FROM FLODDEN TO THE RESTORATION
Volume 1 of this history ended with the chief and his followers dead on Flodden field. Volume 2 describes the Clan's recovery. Within five years Colin, 3rd Earl, was Vice-Regent and Lieutenant of the kingdom. Within five decades the Clan had extended their possessions to the Western Isles, reinforced their Highland dominance, and become the most powerful family in the nation. How they managed to remain so for a century and a half, despite everything history could throw at them, is the subject of Alastair Campbell's fascinating, vivid and well-paced narrative.

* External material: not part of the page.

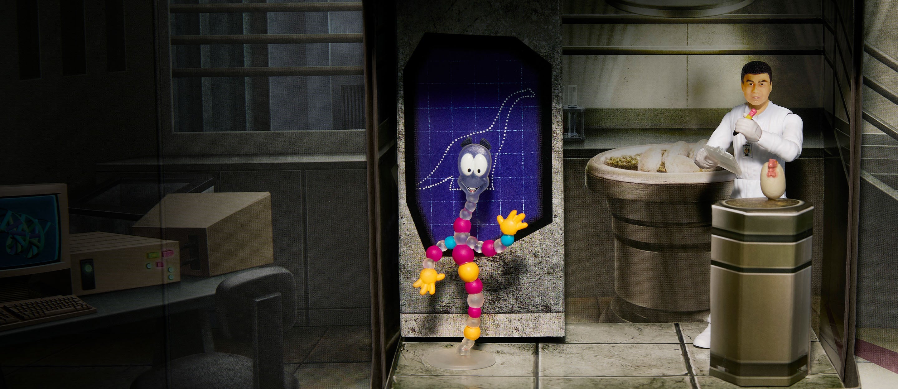 Dr. Wu's science-centric accessories include an InGen, pencil, and clipboard.  Your favorite anthropomorphic helix Mr. DNA speaks with 4 button-activated phrases triggered by a button on the packaging.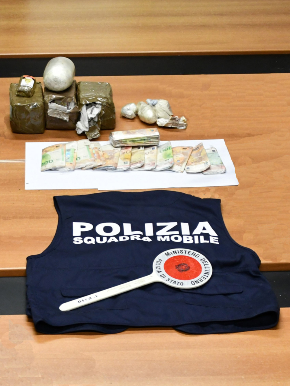Scovati quasi 6 chili di cocaina, eroina e hashish, 19 mila euro in contanti, due fucili a canna lunga e numerosi cellulari

Religious conflict in Scotland during almost the whole of the period was devastating. The Crown vacillated between Reformed, Episcopal and Catholic doctrine whether it was based in Edinburgh or, after 1603, in London. With one exception by contrast the Campbell chiefs held firm to the Protestant Reformation. In 1556 Colin, 4th Earl, invited John Knox to preach at Inveraray; 90 years later Archibald, 8th Earl and first Marquess of Argyll, led the Army of the Solemn League and Covenant. Late in the sixteenth century, however, a crack appeared in the remarkable unity of the Clan: a nationwide conspiracy involving the Campbells of Glenorchy, Lochnell and Ardkinglas led to the death of the Bonnie Earl of Moray, the murder of Campbell of Cawdor, and two attempts on the life of `Grim-faced Archie' ó the 7th Earl who subsequently turned Roman Catholic and in 1617 left to serve the King of Spain. Again, however, the Clan recovered. One of the conspirators, `Black' Duncan Campbell of Glenorchy, scourge of the MacGregors, even received a royal pardon and a baronetcy.
Alastair Campbell describes the onset of the religious and civil wars in the seventeenth century. The greatest figure in Scotland then was the first Marquess of Argyll, an ardent Protestant, who was pitted against the charismatic cavalier, the Marquess of Montrose. On behalf of church and crown in Scotland each led governments and armies against one another. Montrose was executed in 1650. Argyll was similarly rewarded in 1661, and here the story ends (until Volume 3) with the Clan once more imperilled by the crown.
The book is illustrated with maps and genealogies, and contains twenty pages of plates, four in colour. Two appendices deal with the substantial body of music associated with the Clan and the Campbell symbolic emblems.
by Alastair Lorne Campbell of Airds, Unicorn Pursuivant
Alastair Lorne Campbell of Airds was the Chief Executive of Clan Campbell, appointed by the Chief of the Clan, Mac Cailein Mor the 12th Duke of Argyll. He was also Unicorn Pursuivant (1986-2008) to the Lord Lyon, King of Arms. In his 8 years as Inveraray Castle Archivist, he was responsible for cataloguing the volumes and artifacts in the Jacob More Library at Inveraray. Since 2008 he has been Islay Herald of Arms Extraordinary in the Court of the Lord Lyon. He was granted unparalleled access to the archives as he wrote this comprehensive history of Clan Campbell.